The EU’s falling share in global manufacturing and loss of competitiveness cannot be restored without collaboration and cooperation with like-minded trade partners. Therefore, it is important that EU and India join hands to address the common challenge of semiconductor supply chain and boost their semiconductor manufacturing capacities.

India joins global race to make semiconductors.

Along with other countries like the US, India has been looking to forge strategic alliances around semiconductors. India has a number of strengths including semiconductor human power, which could help EU in the chipmaking world. Semiconductor design requires large numbers of skilled engineers, and this is where India’s strength lies. Of the largest semiconductor firms in the world, eight have design houses in India more than 20 pc of the global workforce in semiconductor design comes from India. Almost, all the top 25 semiconductor design companies have their design or R&D centres in India. Also, India is home to several of the world’s top IT businesses like Microsoft, Cisco, Amazon, IBM, etc. It has enough talent to abide by the EU working standards.

Not only can India provide the skill sets needed, both in terms of value and volume, for the research and development part of the process, but also provide the foot-soldiers needed for keeping the machines working and churning out the number of chips needed.

With the global order undergoing a dramatic change, it has become imperative for like-minded countries to develop partnership so that the supply chain continues to function smoothly. No country should have an absolute monopoly over the troika of equipment, materials and services which power the chip manufacturing ecosystem.

As the world’s fifth-largest economy, India is on way to become a chip powerhouse, in one of the most important sectors in the world. India is also geographically well-located on global supply chain routes. In December 2021, India announced its roughly USD 10 billion production-linked incentive (PLI) scheme to encourage semiconductor and display manufacturing in the country.
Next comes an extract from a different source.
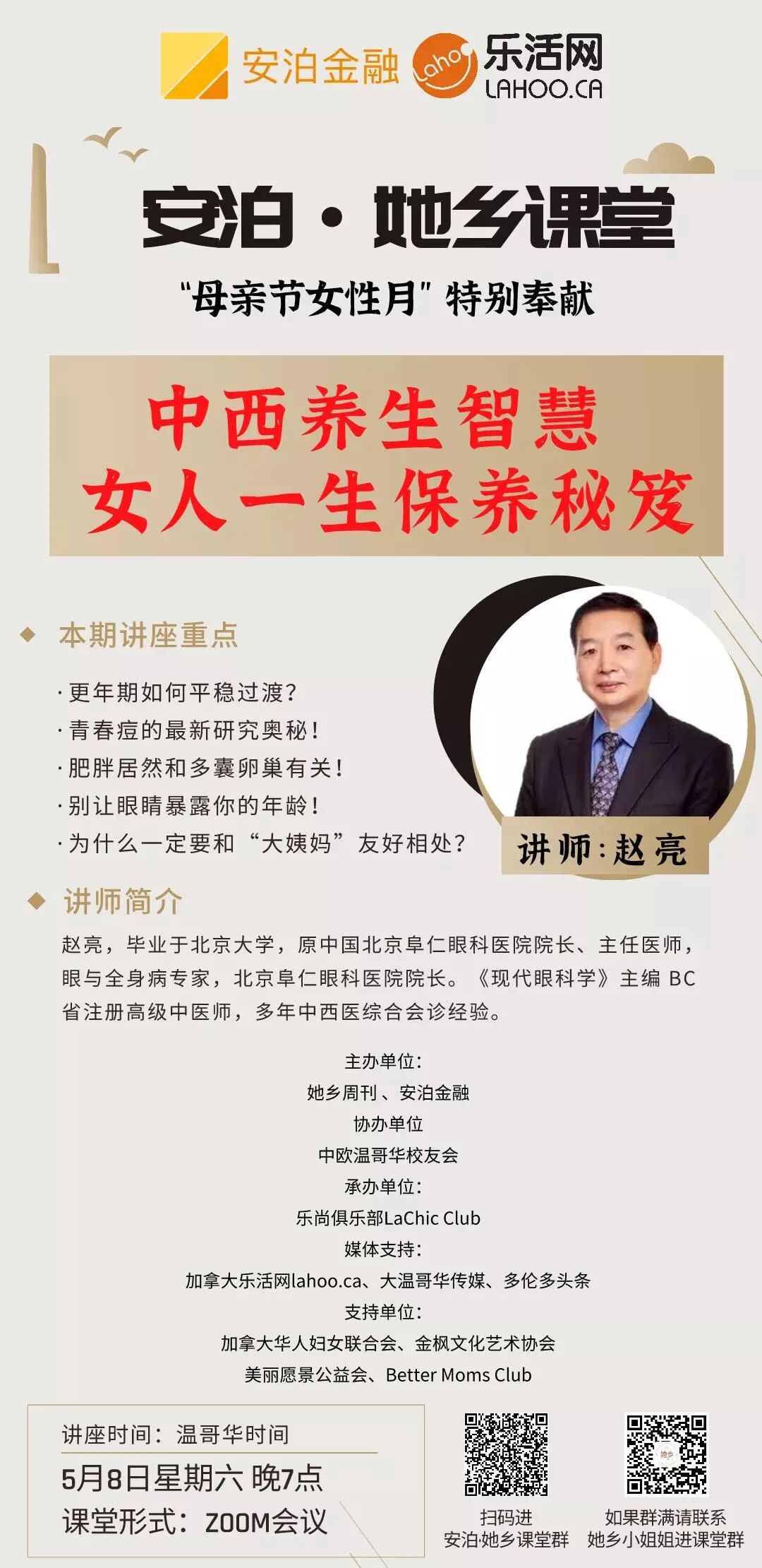 本次讲座特别邀请到毕业于北京大学的眼与全身病专家、BC省注册高级中医师赵亮医师,由他为大家带来一系列的讲座重点,包括:更年期如何平稳过渡?青春痘的最新研究奥秘;别让眼睛暴露你的年龄;以及为什么要和“大姨妈”友好相处、活出好状态等等,干货满满。不仅仅是针对妈妈,各个年龄段的女性都能在这次讲座中收获颇丰。

It also announced fiscal support for a design-linked initiative (DLI) scheme to drive global and domestic investment related to design software and IP rights.  India’s ambitions to create a domestic semiconductor manufacturing capability got a boost in September this year with the announcement of a USD 19.5 billion investment by Taiwanese electronic company Foxconn and Indian multinational Vedanta.
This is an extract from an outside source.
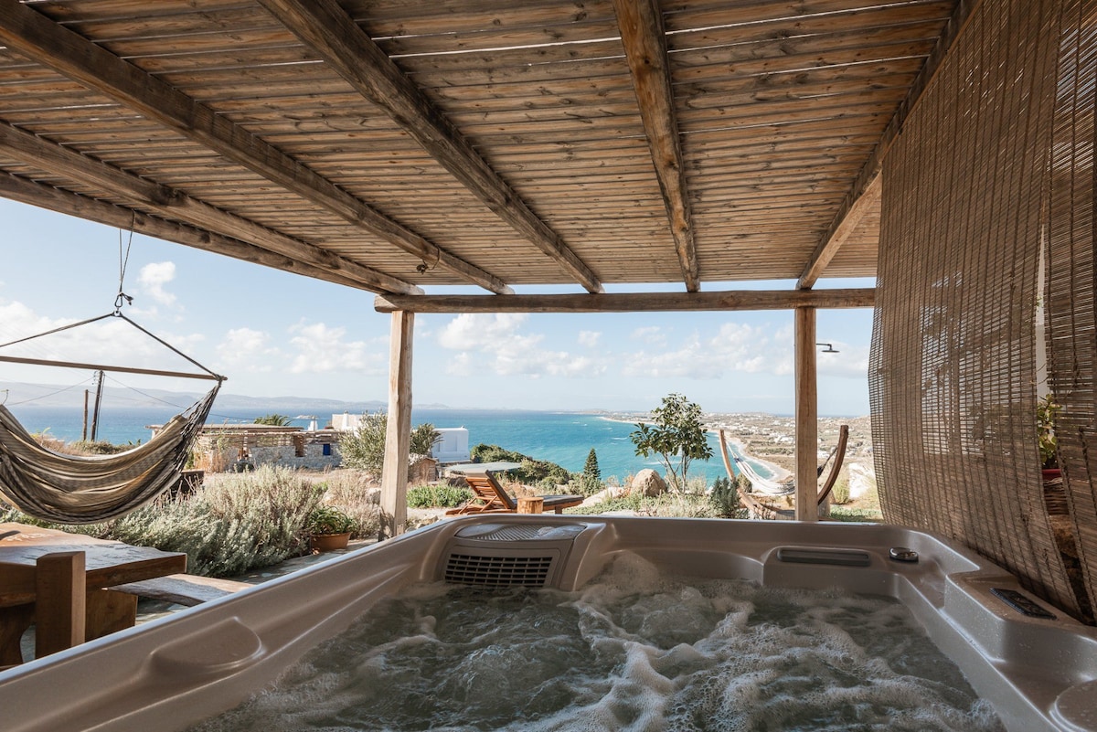 The Naxian View Luxury Suite with Outdoor Jacuzzi is located in Agios Polikarpos, Naxos, with incredible panoramic view of Aegean Sea and the temple of Apollo. In our place you'll relax in the outdoor jacuzzi, or in your private veranda, enjoying your drink. We are located 1,5km away from old town (about 20 minutes on foot), 1,8km from the port (about 25 minutes on foot) and 5 minutes away from Naxos town by car.

Indian companies and opportunities “unlimited”.

Till few years back, it was unthinkable to discuss the contribution of Indian companies to the fiscal and economic health of Europe. However, drastic changes in the global economic and financial scenario have EU take India as a reliable trade partner. Today, Indian companies are investing large enough sums to stand respectable in comparison to foreign capital inflows.
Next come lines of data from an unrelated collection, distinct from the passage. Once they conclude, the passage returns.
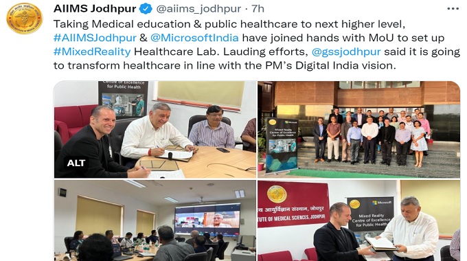 AIIMS Jodhpur's tweet reads, "Taking Medical education & public healthcare to next higher level, AIIMSJodhpur & @MicrosoftIndia have joined hands with MoU to set up #MixedReality Healthcare Lab. Lauding efforts, @gssjodhpur said it is going to transform healthcare in line with the PM’s Digital India vision."
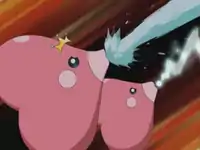 Butch and Cassidy now appear to stop the escape and set down the mecha ball to capture the Luvdisc. However, Caserin uses Double Team, and the two escape while Cassidy and Butch are confused. However, Butch and Cassidy also use the beam of ice and chase after them. The Luvdisc reach a cliff overlooking a fierce river. Butch and Cassidy manage to catch up and Butch attempts to capture them. Caserin looks to fight but Luverin tells him not to and Caserin kisses Luverin. The mouths stay connected, and the two float above the river like a butterfly. The Luvdisc land in a calmer part of the river, and Butch and Cassidy chase after them.
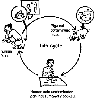 Each of the cysts in the tongue or muscle of the animal contains a tapeworm larva. This is the result of a pig eating human feces containing a whole or part of the tapeworm, or the eggs of the tapeworm. The tapeworm eggs are then absorbed into the intestines of the pig and are carried in the blood system. They are then trapped in the muscle of the animal and develop into larvae which then become cysts. Humans get the tapeworm by eating contaminated pork which has not been sufficiently cooked.

The emergence of Indian multinationals as major global economic players heralds a new political and economic reality. There is a perceptible shift in balance towards the East and India is as a key architect of this change. The kindling of entrepreneurial and intellectual ability of the Indian business and corporate world have encouraged Indian brands to expand globally and prove their global competitiveness.

India-based companies in the EU are making notable impact on the global stage.  For over a decade, the Indian information technology industry has been contributing substantially to the EU economy through jobs and investments, for training next-generation talent and driving innovations. From the value chain through to the end customers, Indian technology companies have invested in European talent and technology that they have augmented with their global resources to develop and produce cutting-edge innovations for industries and clients. Two in every five companies in the EU is claiming to have difficulties in recruiting people with the required skills. India, on the other hand, maintains the highest rank in terms of global sourcing country for IT talent.

Collaboration with India in the manufacturing of semiconductors offers to the EU one of the quickest and surest ways for the EU to stay relevant as a player of any consequence globally in this area.

Sunil Prasad is the Secretary General of Brussels based Europe India Chamber of Commerce.